- [Task to carry out] In the entries that follow, the lines from the line containing "廊下の雑巾拭きのあとを見ると・・すごくピカピカ!!" up to and including the line containing "Das Edelweiss-Design dieser" must be copied exactly, with pictures omitted.

- [Extracted information]
___
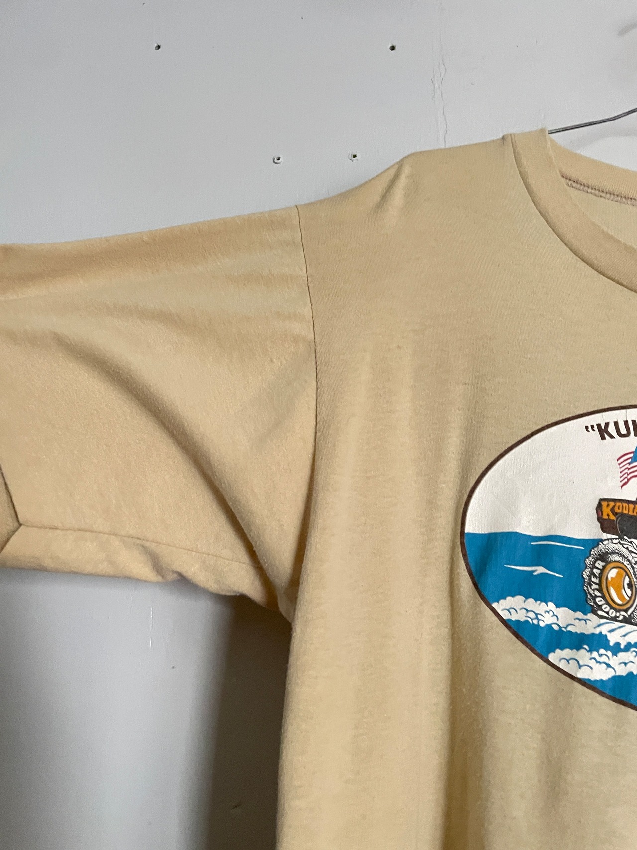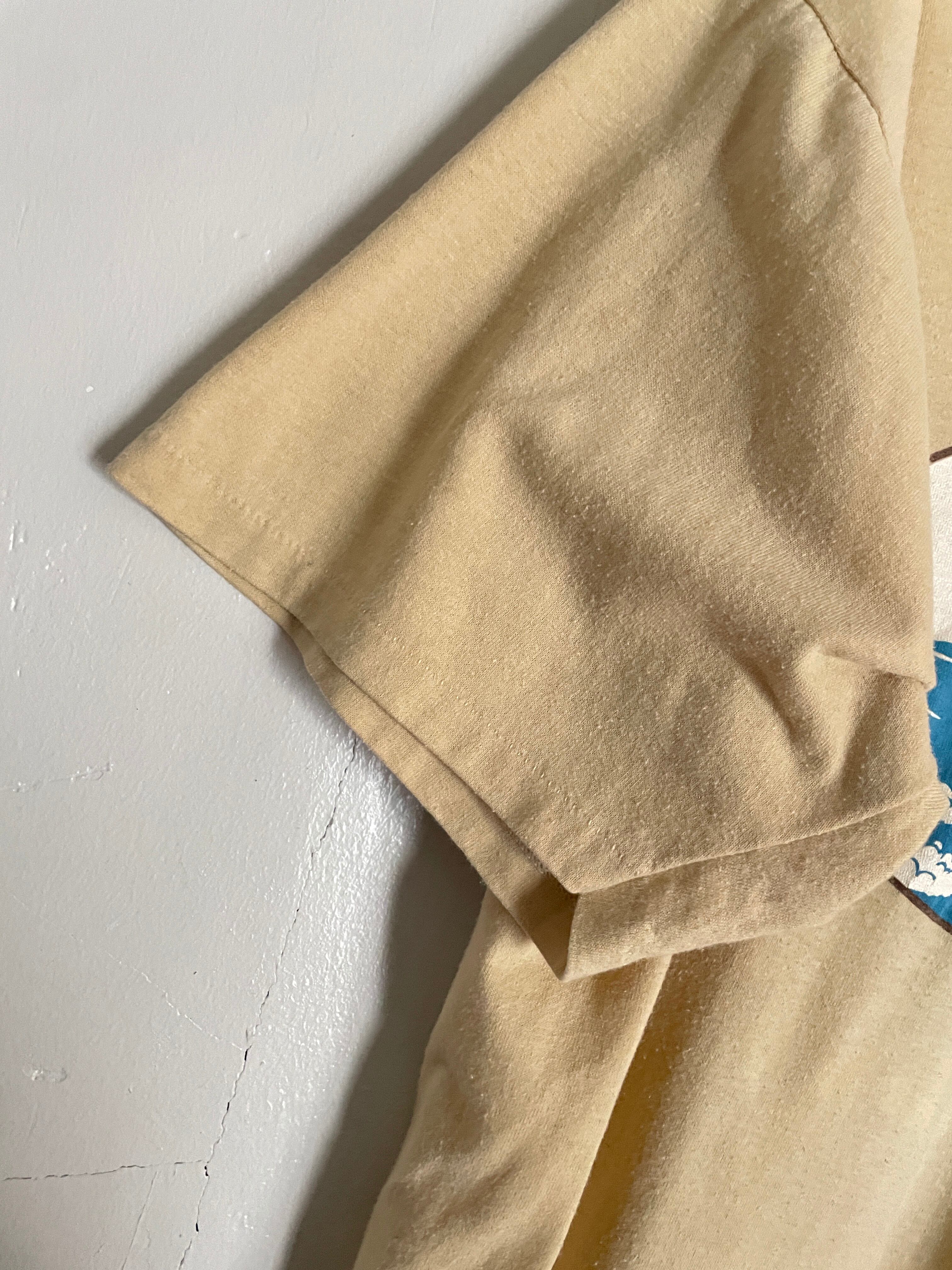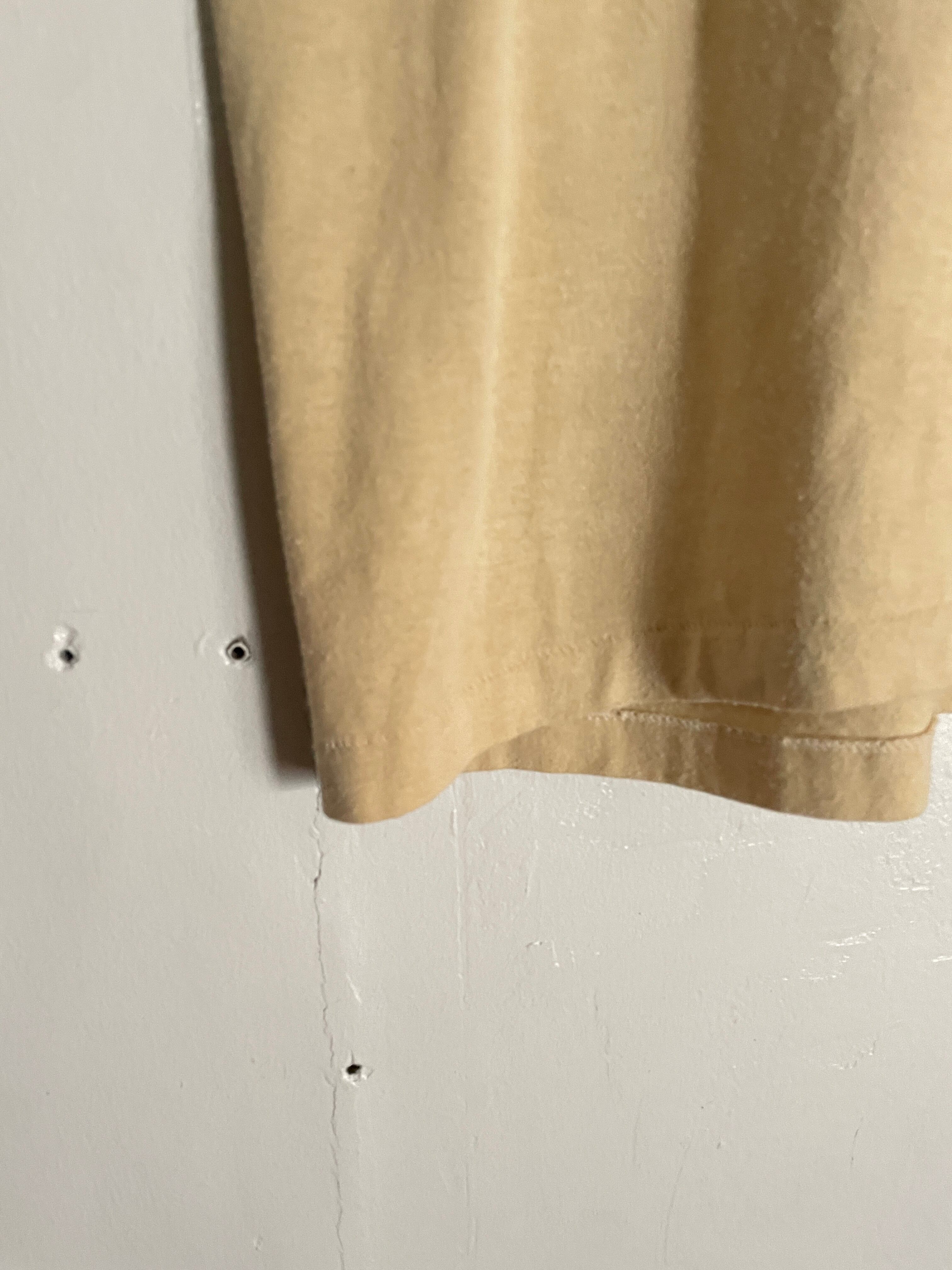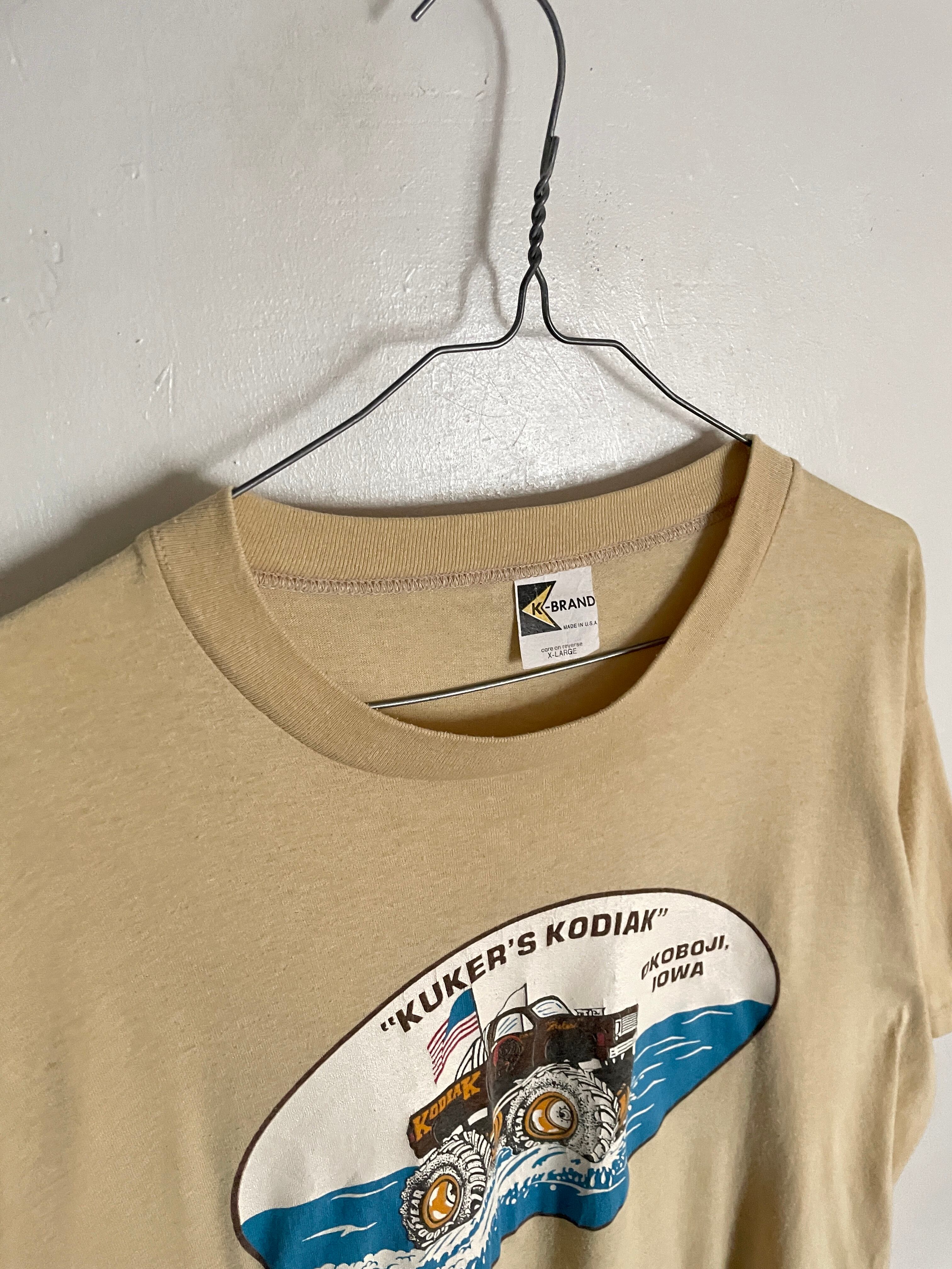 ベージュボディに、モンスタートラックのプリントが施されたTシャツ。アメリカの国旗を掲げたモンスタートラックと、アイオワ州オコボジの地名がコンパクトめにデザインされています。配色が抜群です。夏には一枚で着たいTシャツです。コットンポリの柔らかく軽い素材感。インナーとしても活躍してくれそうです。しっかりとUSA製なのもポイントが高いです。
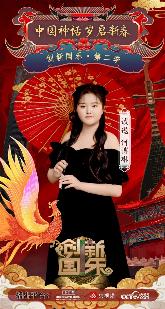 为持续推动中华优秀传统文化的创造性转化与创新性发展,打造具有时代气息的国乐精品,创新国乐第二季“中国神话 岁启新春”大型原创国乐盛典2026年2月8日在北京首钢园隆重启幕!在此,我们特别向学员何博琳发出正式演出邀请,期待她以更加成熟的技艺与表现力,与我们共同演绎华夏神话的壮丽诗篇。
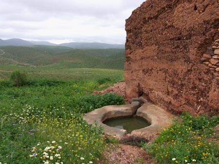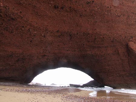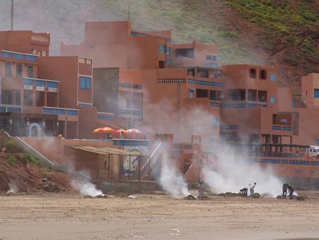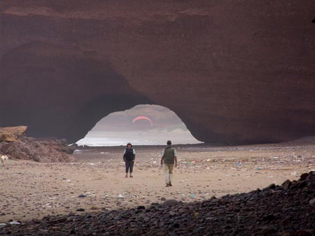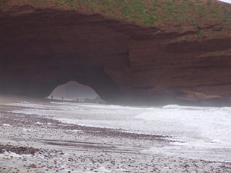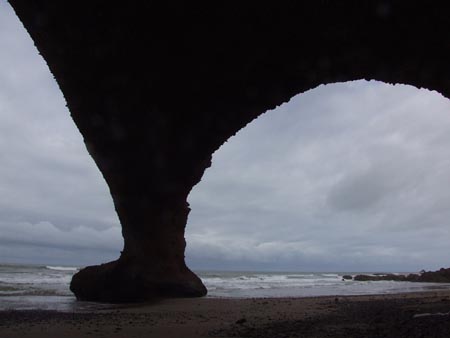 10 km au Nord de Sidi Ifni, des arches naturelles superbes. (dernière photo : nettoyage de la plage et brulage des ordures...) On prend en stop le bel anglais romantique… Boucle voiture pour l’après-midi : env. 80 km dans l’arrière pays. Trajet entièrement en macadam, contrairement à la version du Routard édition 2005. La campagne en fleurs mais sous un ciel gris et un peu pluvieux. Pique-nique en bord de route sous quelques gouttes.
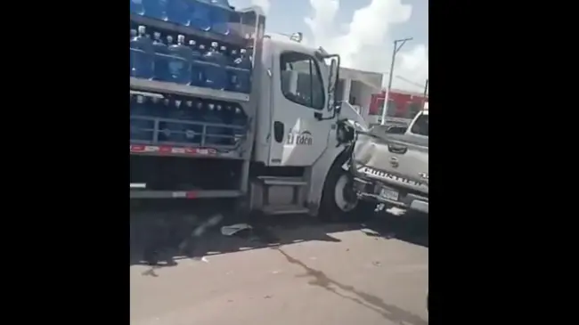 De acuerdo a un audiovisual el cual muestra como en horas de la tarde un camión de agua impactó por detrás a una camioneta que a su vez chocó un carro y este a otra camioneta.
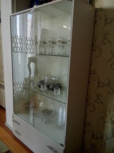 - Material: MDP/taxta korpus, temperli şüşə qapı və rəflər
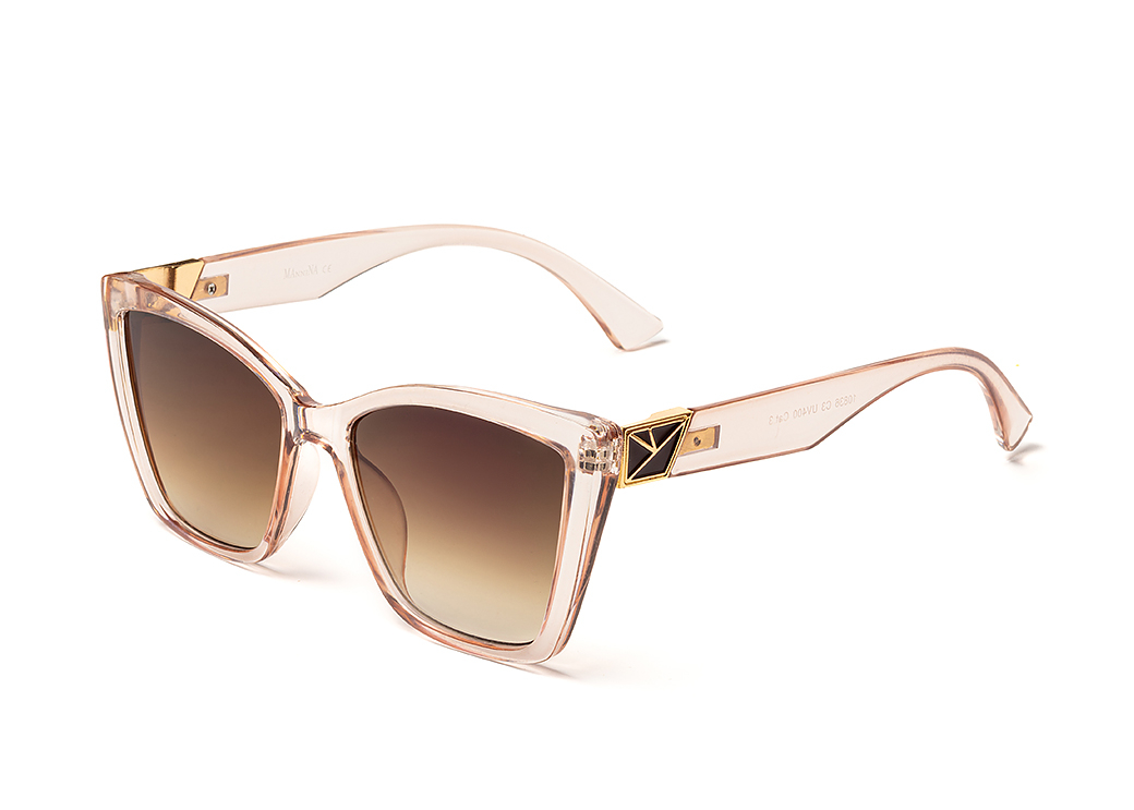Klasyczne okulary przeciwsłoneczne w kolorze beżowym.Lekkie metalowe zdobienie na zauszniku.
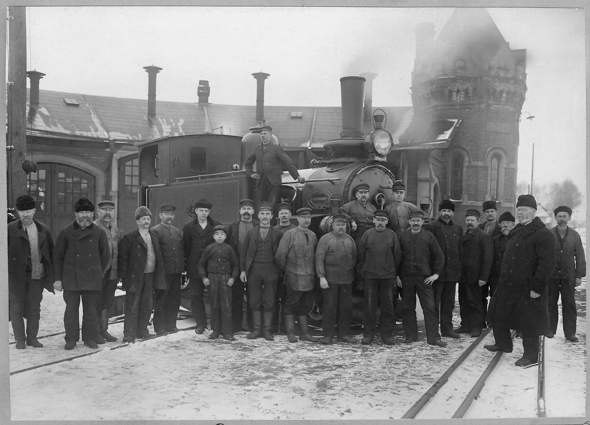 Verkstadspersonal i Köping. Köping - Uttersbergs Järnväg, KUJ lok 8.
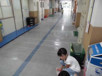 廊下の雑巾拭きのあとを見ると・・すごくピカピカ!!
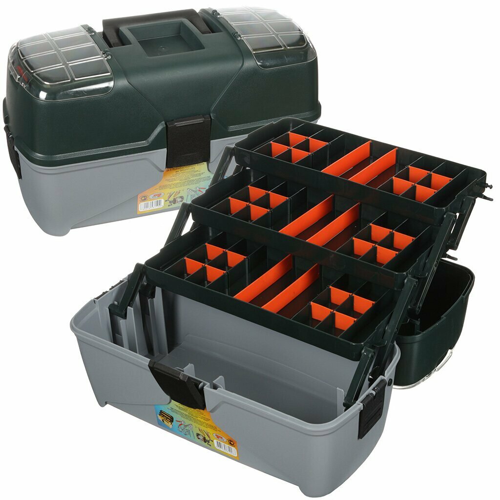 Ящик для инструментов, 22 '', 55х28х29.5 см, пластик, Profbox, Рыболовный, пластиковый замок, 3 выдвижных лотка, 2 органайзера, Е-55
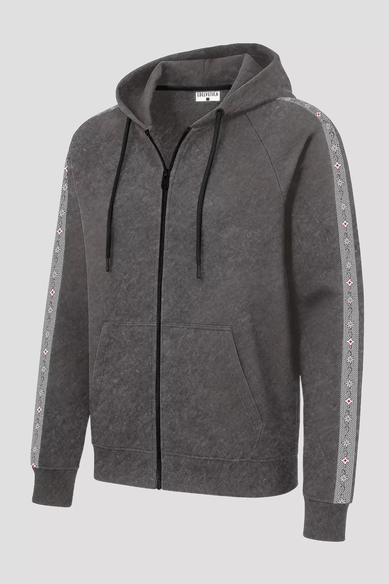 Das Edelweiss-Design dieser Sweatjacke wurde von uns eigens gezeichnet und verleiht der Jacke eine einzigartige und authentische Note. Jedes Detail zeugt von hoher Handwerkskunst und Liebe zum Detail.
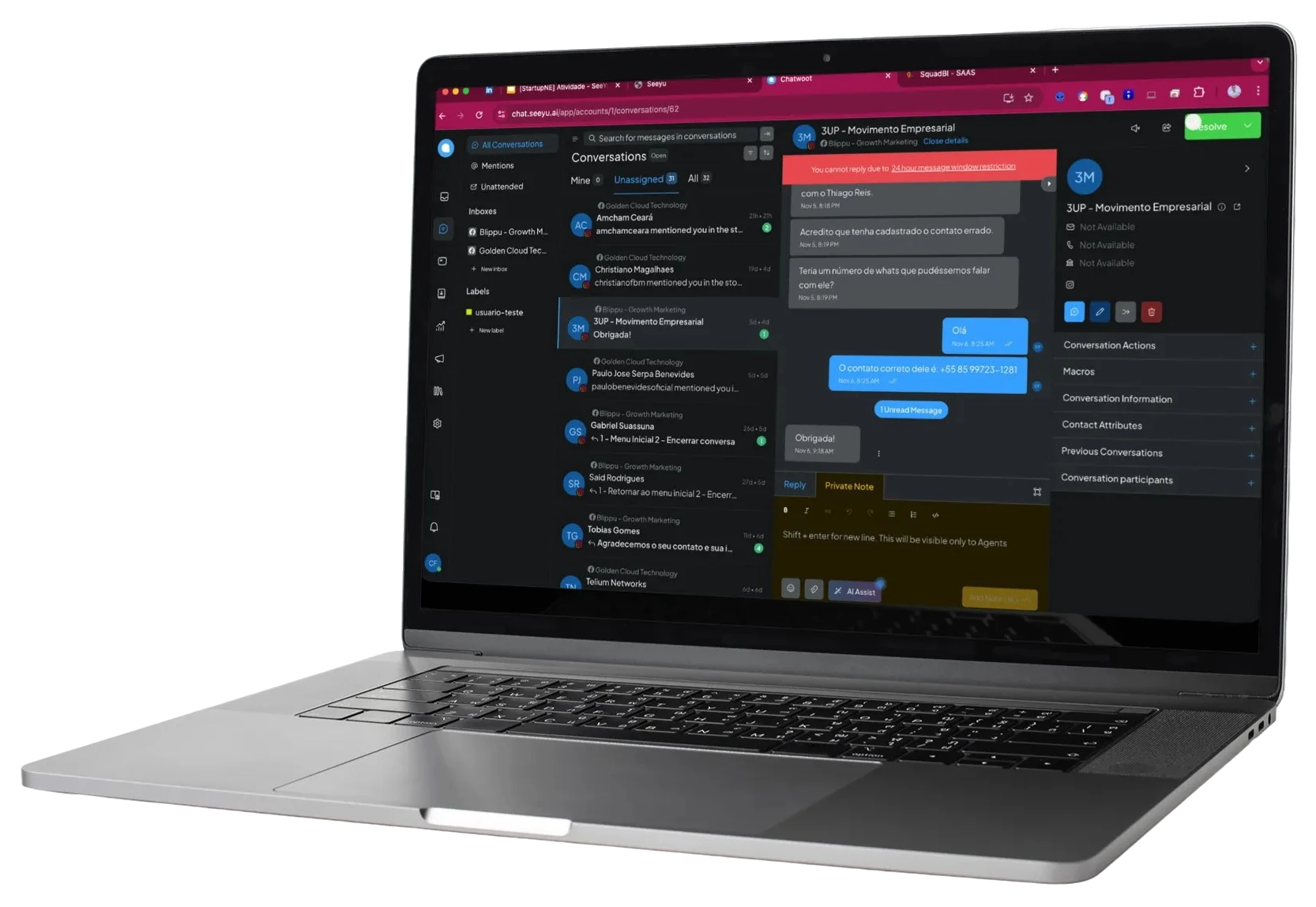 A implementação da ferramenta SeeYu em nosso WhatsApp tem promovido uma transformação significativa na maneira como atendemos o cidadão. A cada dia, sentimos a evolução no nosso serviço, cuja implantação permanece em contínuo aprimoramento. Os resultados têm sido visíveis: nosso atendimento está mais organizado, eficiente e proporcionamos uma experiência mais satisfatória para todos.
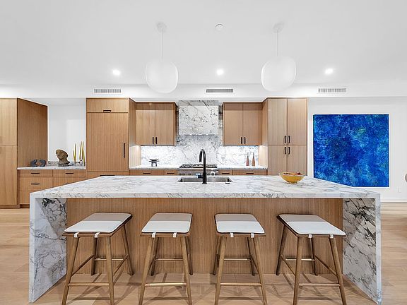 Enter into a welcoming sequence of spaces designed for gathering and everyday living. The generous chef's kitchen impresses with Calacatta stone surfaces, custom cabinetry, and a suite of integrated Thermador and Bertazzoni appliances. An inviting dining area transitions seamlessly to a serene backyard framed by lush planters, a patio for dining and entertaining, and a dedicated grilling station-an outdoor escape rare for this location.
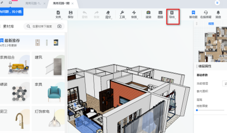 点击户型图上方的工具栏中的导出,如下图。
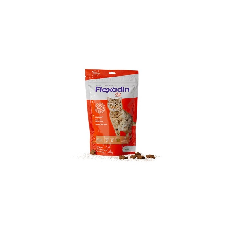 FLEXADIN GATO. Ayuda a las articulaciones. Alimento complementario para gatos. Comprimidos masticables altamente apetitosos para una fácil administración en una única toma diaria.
___
- [Solution to the exercise]
 廊下の雑巾拭きのあとを見ると・・すごくピカピカ!!
 Ящик для инструментов, 22 '', 55х28х29.5 см, пластик, Profbox, Рыболовный, пластиковый замок, 3 выдвижных лотка, 2 органайзера, Е-55
 Das Edelweiss-Design dieser Sweatjacke wurde von uns eigens gezeichnet und verleiht der Jacke eine einzigartige und authentische Note. Jedes Detail zeugt von hoher Handwerkskunst und Liebe zum Detail.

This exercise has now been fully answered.